The Bureau of the Treasury plans to raise P200 billion from the local debt market in November as it kept the weekly T-bills and bonds auction volumes despite rising yields.
In an Oct. 27 memorandum to all government securities eligible dealers, National Treasurer Rosalia de Leon said the Treasury would offer P15 billion in short-dated T-bills on Nov. 2 and the next three Mondays of November.
It will still sell P5 billion each in the benchmark 91-, 182-, and 364-day securities.
The weekly bond offerings on Tuesdays, except in the first week of November which will be held on Nov. 3, retained the P35-billion offer size.
To be auctioned off are five-year IOUs on Nov. 3 and 9; seven-year on Nov. 23 and five-year on Nov. 16.
Last Tuesday, the Treasury awarded only P19.3 billion out of the P35 billion in reissued seven-year bonds it offered due to rising bid rates.
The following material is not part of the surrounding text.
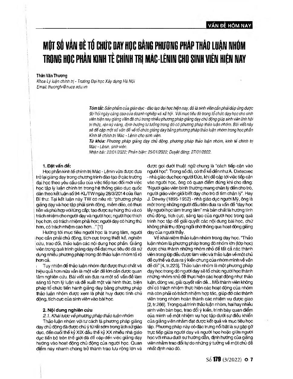 Một số vấn đề tổ chức dạy học bằng phương pháp thảo luận nhóm trong học phần Kinh tế chính trị Mác - Lênin cho sinh viên hiện nay = Some issues in teaching Marxist-Leninist political economy by using group discussion method for the students today

De Leon said the partial award at an average rate of 4.468 percent was aligned with secondary market yields.
Bids reached a high of 4.58 percent and a low of 4.2 percent for the bonds maturing in six years and nine months’ time.
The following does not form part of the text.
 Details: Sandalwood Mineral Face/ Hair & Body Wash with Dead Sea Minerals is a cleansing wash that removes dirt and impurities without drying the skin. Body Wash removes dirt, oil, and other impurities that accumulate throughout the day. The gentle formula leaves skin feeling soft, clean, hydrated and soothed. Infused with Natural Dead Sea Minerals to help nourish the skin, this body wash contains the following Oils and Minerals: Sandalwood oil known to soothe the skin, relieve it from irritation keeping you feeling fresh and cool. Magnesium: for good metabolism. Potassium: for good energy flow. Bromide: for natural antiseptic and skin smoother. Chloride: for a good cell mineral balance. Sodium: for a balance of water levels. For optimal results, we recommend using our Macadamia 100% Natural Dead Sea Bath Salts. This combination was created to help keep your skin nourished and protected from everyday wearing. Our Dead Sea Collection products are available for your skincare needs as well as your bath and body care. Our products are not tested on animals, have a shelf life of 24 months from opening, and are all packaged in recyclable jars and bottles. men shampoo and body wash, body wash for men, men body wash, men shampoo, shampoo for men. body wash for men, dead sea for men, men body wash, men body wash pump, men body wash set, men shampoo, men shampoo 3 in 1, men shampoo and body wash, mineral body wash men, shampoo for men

Given the government’s bigger reliance on domestic borrowings through the weekly treasury bill and bond auctions, the financing program for November took into consideration the recent higher yields sought by investors due to market jitters caused by elevated headline inflation and the looming US Federal Reserve tapering.
“We have built sufficient buffers when rates were low,” De Leon said.
“Improving [revenue] collections and additional ODA (official development assistance) inflows will reinforce our cash position,” she added.
The government had programmed to raise 81 percent of this year’s financing need from local sources. Some P2.49 trillion will be raised from T-bills and bonds this year out of the total planned borrowings of P3.07 trillion.